People Matter

Data Scientist

Scipher Medicine

Scipher Medicine

Data Science
Waltham, MA, USA
Posted on Monday, May 27, 2024

About Us:

Scipher Medicine is a precision immunology company that uses AI and network science to match patients with the most effective therapies. Its flagship product, PrismRA, is a blood-based test that predicts whether a patient with RA is likely to respond to anti-TNF therapy. Scipher Medicine is also developing the Spectra platform, which can be used to discover and validate new drug targets for a variety of autoimmune diseases. The company has made significant progress in a short period of time, with its PrismRA test already being used by clinicians in the US and Europe, and its Spectra platform having the potential to revolutionize drug development for autoimmune diseases.

Job Description:

We're seeking a proactive and highly skilled Data Scientist with a background in Computer Science, Machine Learning (ML) or other computational sciences, coupled with expertise in Google Cloud Platform (GCP). As our Data Scientist, you will involve with design, development, and maintenance of our data ingestion and ML pipelines. This role demands a deep understanding of data automation, ETL operations, and data orchestration, particularly within the GCP environment. Additionally, you'll be responsible for model development across various domains, leveraging techniques like neural networks (NN), graph convolutional networks (GCN), random forests (RF), optimization, and feature selection methods.

Summary:

We're seeking a Data Scientist experienced in data ingestion for ML pipelines and proficient in leading model development across a range of techniques, including NN, GCN, RF, optimization, and feature selection methods. The ideal candidate will possess strong data engineering skills and hands-on experience with GCP services like Cloud Storage, BigQuery and Dataflow.

Key Responsibilities:

Develop and deploy advanced machine learning models on the GCP platform.

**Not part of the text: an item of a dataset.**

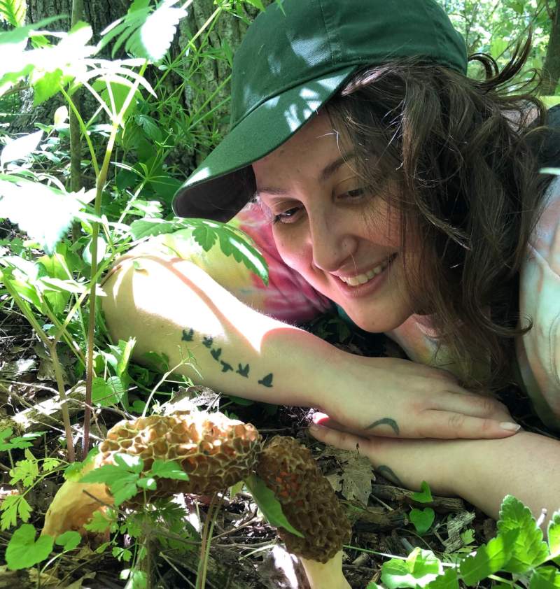 We’re in the woods of Southwest Michigan, following a little deer path through the foliage, ducking under branches and climbing over logs. Where, exactly? Angelina won’t say on the record. Many mushroom hunters keep their spots a secret. What I can tell you is that out where we are, our only competition is the local deer. Sure, you can find mushrooms in public parks, but so can everyone else, and with the hobby increasing in popularity—especially with young adults—I get why Angelina wants to keep her spot to herself.
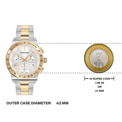 Add a perfect finishing touch to your look with this men's analog watch from Ferragamo. Its stainless steel strap vaunts a two tone hue that enhances the look of the watch. Safeguarded by a and functional on a quartz movement, the silver round dial is encompassed in a 42 mm case. It exudes plain three hands. Furthermore, it is complemented with a deployment clasp with push button clasp that ensures a secure fit on the wrist.

Collaborate closely with data scientists to translate Python-based data processing and analysis pipelines into scalable PySpark ETL processes suitable for deployment on cloud platforms such as AWS or GCP.

Conduct thorough data analysis and preprocessing to ensure data quality and reliability.

Implement a wide range of models, including but not limited to Neural Networks (NN), Graph Convolutional Networks (GCN), Random Forests (RF), and optimization algorithms.

Perform feature selection and engineering to enhance model performance and interpretability.

Utilize best practices in model development and optimization to achieve desired outcomes.

Evaluate and benchmark model performance using appropriate metrics and validation techniques.

Stay updated with the latest advancements in machine learning research and technologies.

Requirements:

PhD in Computer Science, Statistics, Mathematics, or a related quantitative field.

2+ years of experience in data engineering (including academic experience)

Proven experience in developing and deploying machine learning models, preferably in a commercial setting.

Strong understanding of various machine learning algorithms and techniques, such as Neural Networks, Graph Convolutional Networks, Random Forests, and optimization methods.

Excellent programming skills in languages such as Python or R.

Ability to work effectively in a collaborative, team-oriented environment.

Exceptional problem-solving and analytical abilities.

Excellent communication and presentation skills, with the ability to convey complex concepts to non-technical stakeholders.

Skills:

Machine Learning: Neural Networks, Graph Convolutional Networks, Random Forests, optimization algorithms.

Proficiency in data modeling and database design.

Strong programming skills, especially in languages such as Python.

Knowledge of Statistical Analysis, Data Preprocessing and Feature Engineering, Model Evaluation and Validation.

Strong analytical and problem-solving abilities.

Excellent communication and collaboration skills to work effectively with cross-functional teams.

To Apply:

If you are a highly motivated and results-driven data scientist with an eagerness to work with cutting-edge GCP services, we encourage you to apply. Join us in shaping the future by enabling data-driven decisions through our ML pipeline.

Additional Information:

As we embark on this exciting journey, we are committed to fostering an inclusive and diverse work environment. We are an equal opportunity employer and value diversity at our company. We do not discriminate on the basis of race, religion, color, national origin, gender, sexual orientation, age, marital status, veteran status, or disability status. Join us in this transformative project where you can contribute to cutting-edge data solutions while being a part of a culture that values and celebrates diversity.